Paper
17 March 1994 Computational reconstruction of the mechanisms of human stereopsis
Author Affiliations +
Proceedings Volume 2054, Computational Vision Based on Neurobiology; (1994) https://doi.org/10.1117/12.171143
Event: Computational Vision Based on Neurobiology, 1993, Park Grove, CA, United States
Abstract
The properties of human stereoscopic mechanisms may be derived from dichoptic interaction and masking effects on stereoscopic detection thresholds in any relevant stimulus domain (spatial frequency, temporal frequency, disparity, orientation, etc.). The present study focuses on the spatial properties of mechanisms underlying stereoscopic depth detection. The computational approach is based on the full exploration of plausible model structures to characterize their idiosyncrasies, which often allows exclusion of proposed mechanisms by comparison with data obtained under conditions in which the idiosyncrasies should be expressed.
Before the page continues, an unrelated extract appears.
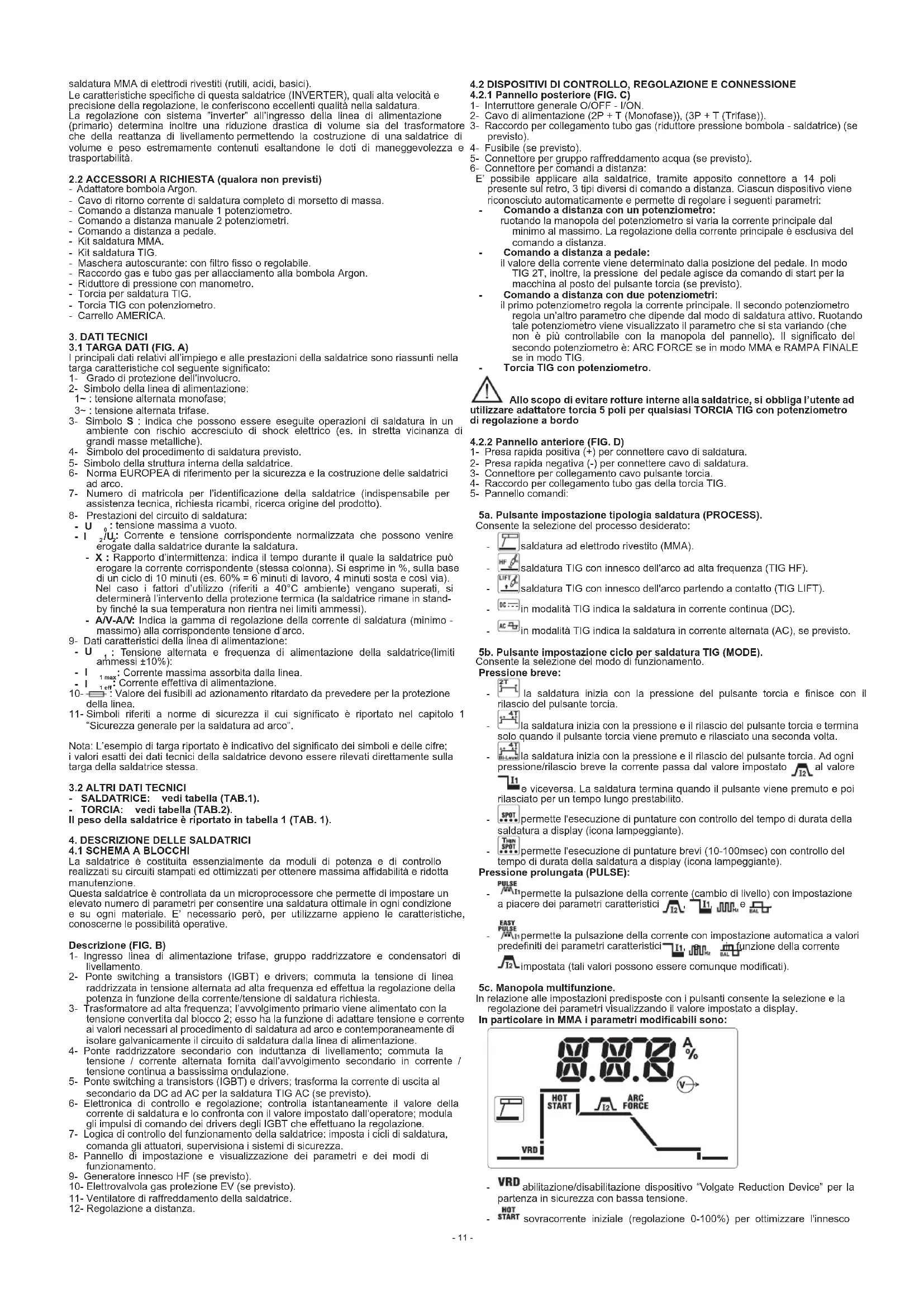 8.RICERCAGUASTI...............................................................................................14 pag. pag.- 11 - saldatura MMA di elettrodi rivestiti (rutili, acidi, basici). Le caratteristiche speciche di questa saldatrice (INVERTER), quali alta velocità e precisione della regolazione, le conferiscono eccellenti qualità nella saldatura. La regolazione con sistema ”inverter” all’ingresso della linea di alimentazione (primario) determina inoltre una riduzione drastica di volume sia del trasformatore che della reattanza di livellamento permettendo la costruzione di una saldatrice di volume e peso estremamente contenuti esaltandone le doti di maneggevolezza e trasportabilità. 2.2ACCESSORIARICHIESTA(qualoranonprevisti) - Adattatore bombola Argon. - Cavo di ritorno corrente di saldatura completo di morsetto di massa. - Comando a distanza manuale 1 potenziometro. - Comando a distanza manuale 2 potenziometri. - Comando a distanza a pedale. - Kit saldatura MMA. - Kit saldatura TIG. - Maschera autoscurante: con ltro sso o regolabile. - Raccordo gas e tubo gas per allacciamento alla bombola Argon. - Riduttore di pressione con manometro. - Torcia per saldatura TIG. - Torcia TIG con potenziometro. - Carrello AMERICA. 3.DATITECNICI 3.1TARGADATI(FIG.A) I principali dati relativi all’impiego e alle prestazioni della saldatrice sono riassunti nella targa caratteristiche col seguente signicato:

For example, we conducted a detailed analysis of threshold elevation functions (TEFs) under plausible channel shapes, combination rules and masking behavior derived from previous studies. The analysis reveals that TEFs may be much narrower than and differ in shape from the underlying mechanisms. For example, only two discrete channels are required to produce TEFs peaking close to each fixed test frequency, with no relation to channel peaks. We apply this analysis to the stereospatial masking functions collected by Yang and Blake (1991) to determine the likely channel structure underlying the empirical masking performance. The analysis generally supports the two-mechanism model that they propose but shows that the assumptions underlying their estimates of the unmasked sensitivity function are incorrect. The analysis excludes stereospatial channels tuned below 2.5 c/deg, a region in which Schor, Wood, and Ogawa (1984) obtained evidence for many narrowly tuned channels by measuring disparity thresholds for targets with different peak tunings in the two eyes. Our computational model for the latter data is consistent with the lowest tuned channel being at 2.5 c/deg, this channel being narrowly tuned to dichoptic contrast differences, as described by Legge and Gu (1989) and Halpern and Blake (1988). Thus, all such stereo tuning data can be explained in a model in which all stereoscopic channels are tuned above 2.5 c/deg.
© (1994) COPYRIGHT Society of Photo-Optical Instrumentation Engineers (SPIE). Downloading of the abstract is permitted for personal use only.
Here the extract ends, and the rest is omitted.